The council of the European Central Bank (ECB) has decided to maintain a negative interest rate for banks at -0.4 percent. Low or negative interest rates, however, have not fostered economic growth yet. Instead, they have reduced banks’ profits, why bank lending to companies is still weak. Thus, the time has come for an interest rate hike.
Bank lending in the Eurozone still grows at a very slow pace and the Eurozone's inflation rate is still below the ECB's inflation target. Negative interest rates and the ECB's large-scale asset purchases are intended to foster economic growth – but both worked only with minor success yet.
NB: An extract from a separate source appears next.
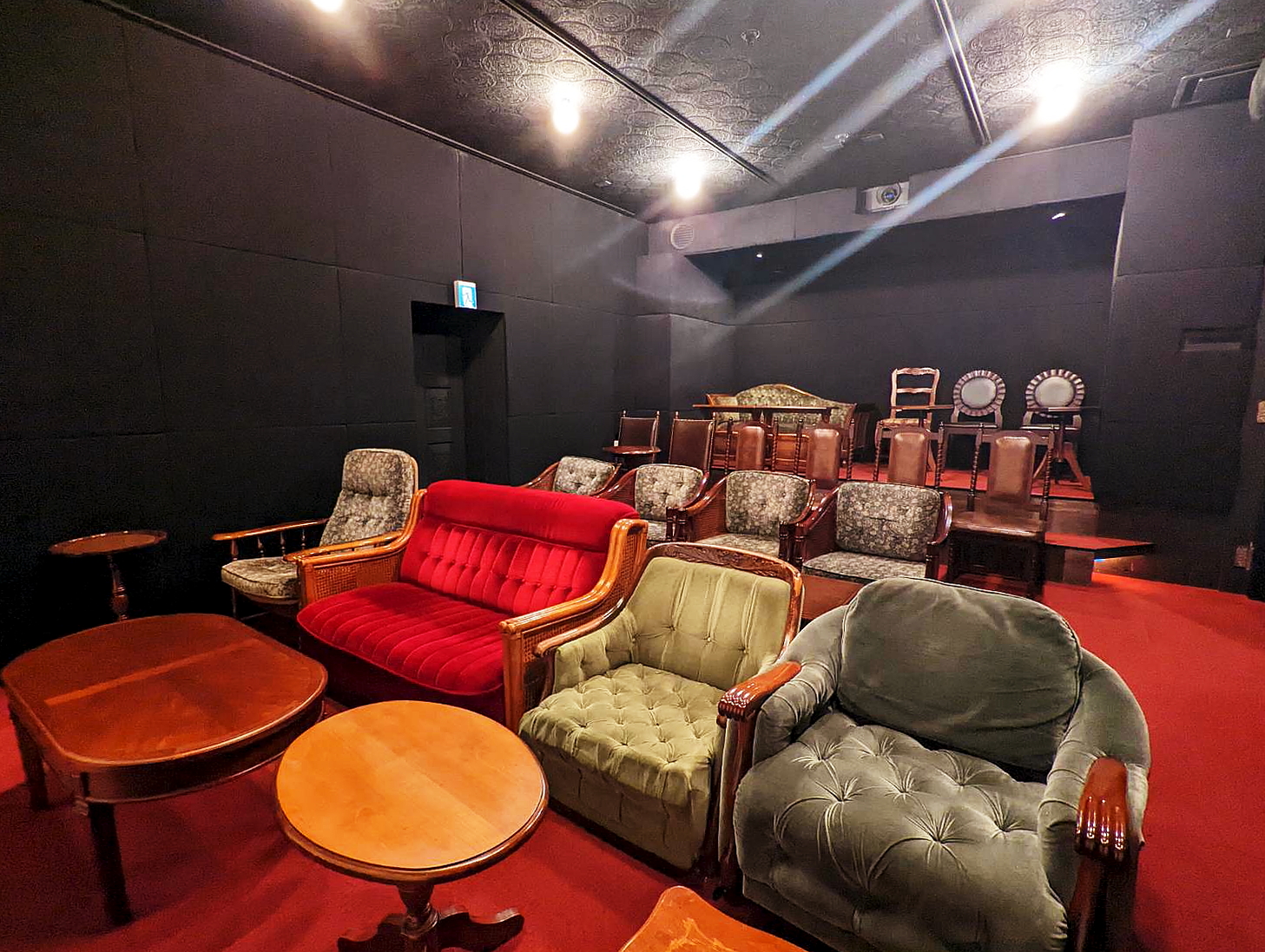 ナンバーがない理由について、竹中さんは「その日の気分や観る映画にあわせて、お好きなお席でゆったりとご鑑賞いただければ」と。どの椅子も重厚感があり、優雅さとアンティーク感満載。まるで大きなリビングルームでくつろぎながら映画を観ている気分になれますよね。こんなプライスレスな空間が味わえるのもシネコヤならではの魅力といえそうです。

The reason for this is that the traditional theory, that lowering interest rates fosters economic recovery, is not valid anymore. On the contrary, it needs higher interest rates in the current situation to stimulate the economy.
Banks are hesitant to lend to enterprises at the moment because they have to fulfil higher capital requirements. In normal times, they can issue stocks to increase their capital base. But the prices of bank stocks are currently low, why banks cannot raise enough money by issuing stocks. And the low interest rate environment has led to shrinking profits, why banks have a hard time in strengthening their capital base by retaining profits. Thus, the ECB's negative interest rates impede bank lending – which leads to the opposite of the intended effect: Instead of lending money to productive investment opportunities, banks invest into negative yielding sovereign bonds. They do this because they can purchase sovereign bonds without raising their capital base and the lesser evil to holding their money as reserves at the ECB at a negative interest rate of -0.4 percent, is to hold slightly less negative yielding sovereign bonds.
A doom loop emerges in this situation: the high demand for sovereign bonds leads to even more negative yields, which lowers banks' profits even further, this hinders banks at strengthening their capital base, which weakens their loan supply and which increases banks' demand for sovereign bonds even further.
But if the ECB increases interest rates, it will help banks to strengthen their capital base, which will ease the current tensions in the market for loanable funds. This will have positive effects especially for long-term lending, from which small and medium-sized companies will benefit. Companies of this size are mostly affected by a restrictive bank lending: Since it is too expensive for them to issue bonds in capital markets they are dependent on a functioning banking sector.